For 0 < p, r < 1 we define functions

$$\zeta(r,p):= p \left[D \left(\left.\frac{\ln \left(\frac{1-p}{1-rp}\right)}{\ln r + \ln \left(\frac{1-p}{1-rp}\right)} \right\|p\right)\right]^{-1},$$
(36)
$$\xi (r):= \mathop{\lim }\limits_{p\to 0}\zeta (r,p)={\left[\frac{r-1}{\ln r}\ln \left(\frac{r-1}{\ln r}\right)+\left(1-\frac{r-1}{\ln r}\right)\right]}^{-1}.$$
(37)

By virtue of Proposition 6 we can derive the following informative bounds (for 0 < δ, ϵ, r < 1),

$${N}_{\min }^{{{{\rm{iid}}}}}(\epsilon ,\delta ,\lambda ,r)\le \left\lceil \frac{\ln {\delta }^{-1}}{\nu \epsilon }\zeta (r,\nu \epsilon )\right\rceil \le \left\lceil \frac{\ln {\delta }^{-1}}{\nu \epsilon }\xi (r)\right\rceil .$$
(38)

These bounds become tighter when the significance level δ approaches 0, as shown in Supplementary Figure 4. The coefficient ξ(r) in the second bound is plotted in Supplementary Figure 5. When r = λ = 1/2 for instance, the second upper bound in Eq. (38) implies that

$${N}_{\min }^{{{{\rm{iid}}}}}(\epsilon ,\delta ,\lambda ,r)\le \left\lceil \frac{2\,\xi (1/2)\ln {\delta }^{-1}}{\epsilon }\right\rceil \le \left\lceil \frac{46.5\ln {\delta }^{-1}}{\epsilon }\right\rceil ,$$
(39)

while numerical calculation shows that \({N}_{\min }^{{{{\rm{iid}}}}}(\epsilon ,\delta ,\lambda ,r)\) is smaller than \(41\,{\epsilon }^{-1}\ln {\delta }^{-1}\) for δ ≥ 10−10 and approaches \(2\,\xi (1/2)\,{\epsilon }^{-1}\ln {\delta }^{-1}\) when δ, ϵ → 0. Therefore, our protocol can enable robust and efficient verification of quantum states in the i.i.d. scenario.
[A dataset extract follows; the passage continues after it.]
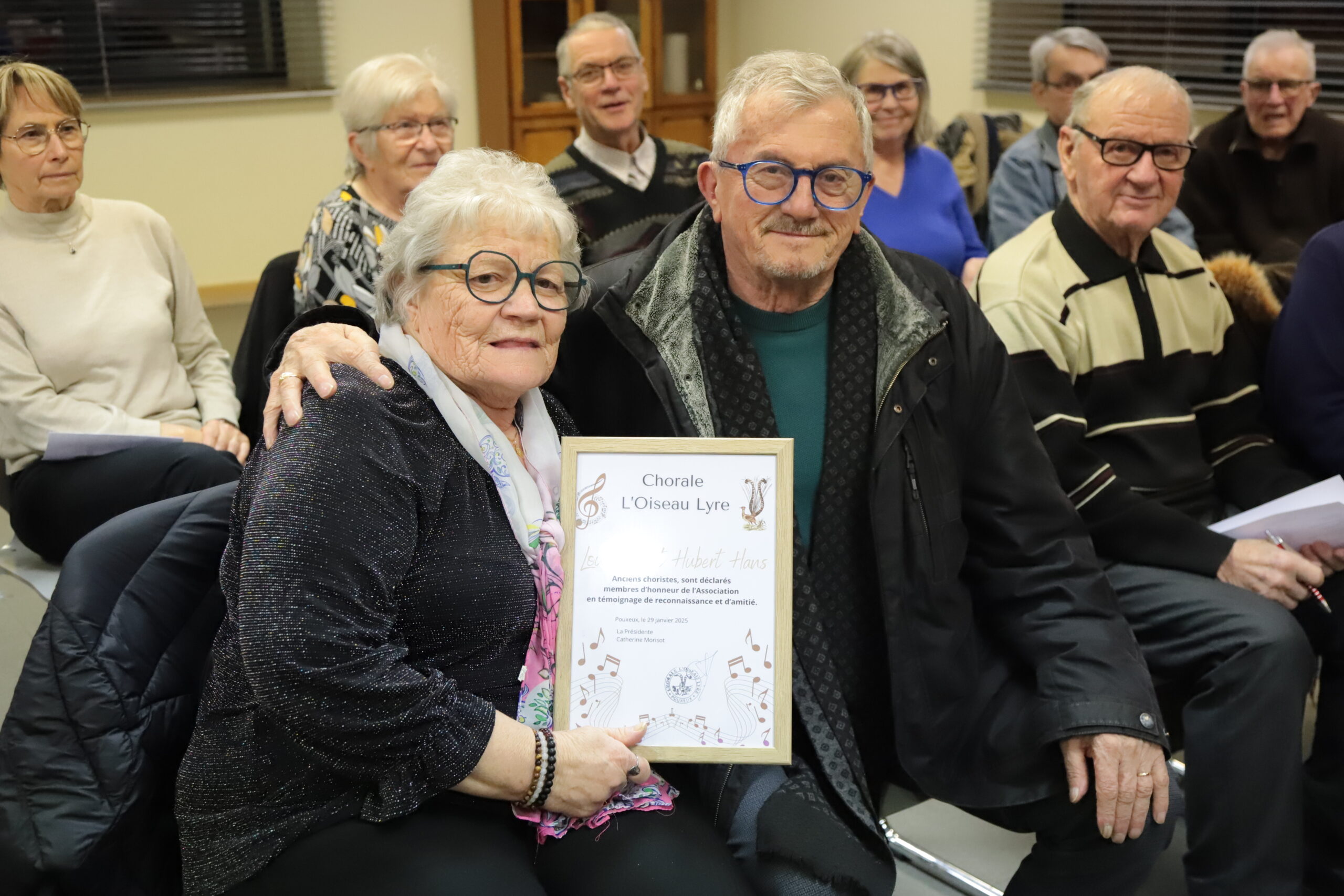 Avant que l’ensemble des participants ne se retrouve autour du verre de l’amitié et partage la galette des rois, le bureau a tenu à saluer l’engagement de trois choristes (Louisette, Hubert et Jean) qui quittent la chorale mais resteront en soutien dans l’association, par la remise du titre de membre d’honneur.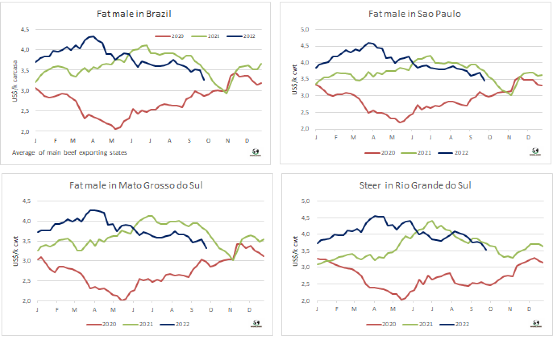 巴西待宰牛價格持續(xù)下跌。本周牛價下跌了5-6雷亞爾/15公斤。圣保羅市場,盡管主要供應(yīng)國內(nèi)市場的普通育肥牛數(shù)量也有下降,獲準(zhǔn)向中國出口的30個月以下的牛數(shù)量出現(xiàn)了更明顯的下降。昨天圣保羅市場育肥牛參考價279雷亞爾/15公斤,免稅,30天付款,較上周下跌了6.5雷亞爾/15公斤。批發(fā)市場牛肉價格持續(xù)疲軟,尤其是前部位肉價格。

Finally, it is instructive to clarify the relation between QSV in the i.i.d. scenario, nonadversarial scenario, and adversarial scenario. In the i.i.d. scenario, the assumptions on the source are the strongest, so QSV is the easiest, and the sample cost is the smallest. In the adversarial scenario, by contrast, the assumptions on the source are the weakest, so QSV is the most difficult, and the sample cost is the largest. For graph states with a prime local dimension, the sample cost in the adversarial scenario is comparable to the counterpart in the i.i.d. scenario thanks to our analysis above, which means the sample costs in all three scenarios are comparable.